Resolution Switching in a CMAF Track

haudiobe commented 2 years ago

Colleagues,

We remain to have the open question of resolution switching in a Representation, for AVC, HEVC and VVC

Facts: 1) DASH and CMAF do not prohibit change of resolution within one Representation. However, practically this is restricted to Fragment/Segment boundaries, i.e. typically at most every 1 second. 2) DVB-DASH prohibits this, and DVB MPEG-2 TS more or less restricts this as well to rare occurrences 3) AVC, HEVC and VVC specs are more or less silent, but it is valid that for a. HEVC and AVC, at an SPS (IDR Frame), you can change resolutions. This is likely when you do an IDR. b. VVC you can change resolutions in the output basically for every frame.

So we do have no answer from video standards.
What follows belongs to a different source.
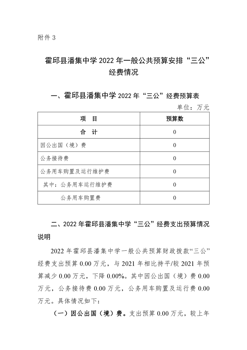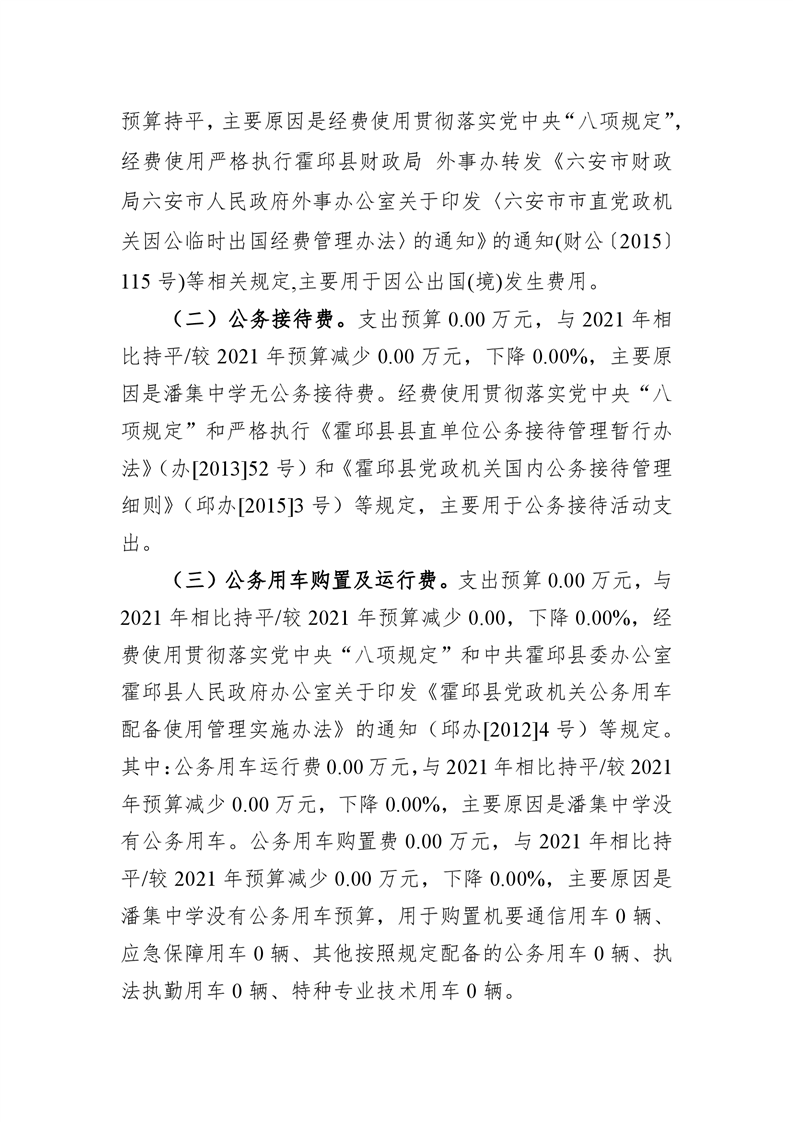 霍邱县潘集中学2022年部门单位一般公共预算安排“三公”经费情况公开

For CMAF, is there anything that we want to restrict?

Options: 1) No restrictions 2) Restrictions to Segment/Fragment boundaries (to implement the practical restrictions for HEVC and AVC) 3) Restrictions related to the maximum distance of resolution changes for VVC 4) Restrictions to not permit any resolution changes 5) Add signaling or profile to provide the option 6) Others

I am also unsure how to come to a decision on this matter because 1) Video/JVET is silent 2) People want to use this feature, for example Harmonic is strongly advocating. 3) DVB restricts this for good reasons.
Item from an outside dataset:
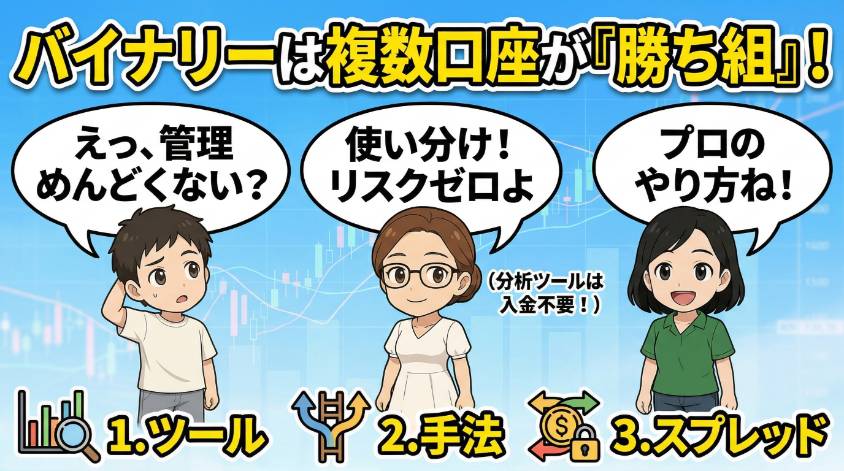 バイナリーオプションの口座は、1社に絞る必要はない。

Please preferably comment there.

haudiobe commented 2 years ago

Proposal for CMAF: 1) No restrictions, but state this explicit. Add a note that this may be further restricted by users of CMAF. 2) We await feedback from DVB if they can relax the constraint. If not, we can add a restricted CMAF profile for this purpose. 3) Communicate with CMAF users on feedback.

gteniou commented 2 years ago

For AVC, HEVC, I agree that feedback from DVB will tell us if any restriction is necessary or not.
For VVC, it is still unknown if this feature will be extensively used. Unless explicitly asked by anyone, I would suggest aligning the constraint level with AVC/HEVC (usually, 1st generations of encoders rely on previous codecs' algorithms before being optimised with new tools)

Therefore ok with the above proposal.

jpiesing commented 2 years ago

I don't believe DVB has any restriction. IMHO an implicit restriction comes in MPEG DASH where Representation has one pair of @width and @height. These are optional in MPEG DASH but mandatory in DVB-DASH. Is this really an issue for the manifest referring to CMAF content rather than CMAF itself? I still maintain that changing resolutions in a CMAF track is very likely to break the surrounding system even if implicitly permitted by CMAF.

yagosf commented 2 years ago

I would prefer not to see any restrictions in CMAF with this respect.

I am not familiar with DVB-DASH, I was looking where resolution switching is disallowed within a Representation to understand this better. I see that 'avc3' is supported and cannot find constraints on SPS values. Also, I do not see any issue neither with @width nor @height signalling in DASH. My understanding always was that this could involve upscaling based on the TrackHeaderBox.width and TrackHeaderBox.height.

In any case, I understand that in some environments devices cannot handle that output pictures sizes vary from picture to picture. So I think it is ok that derived specifications add their own constraints based on their needs.

IMHO, one last aspect is that for VVC decoders it does not matter whether resolution changes happen at IRAPs or not. If in some environments the limitation is only how often resolutions can change it should be enough to add a time limitation, without restricting it to only happen in IRAPs, or am I missing something? Maybe such a question could be raised why it is important that it only happens at IRAPs...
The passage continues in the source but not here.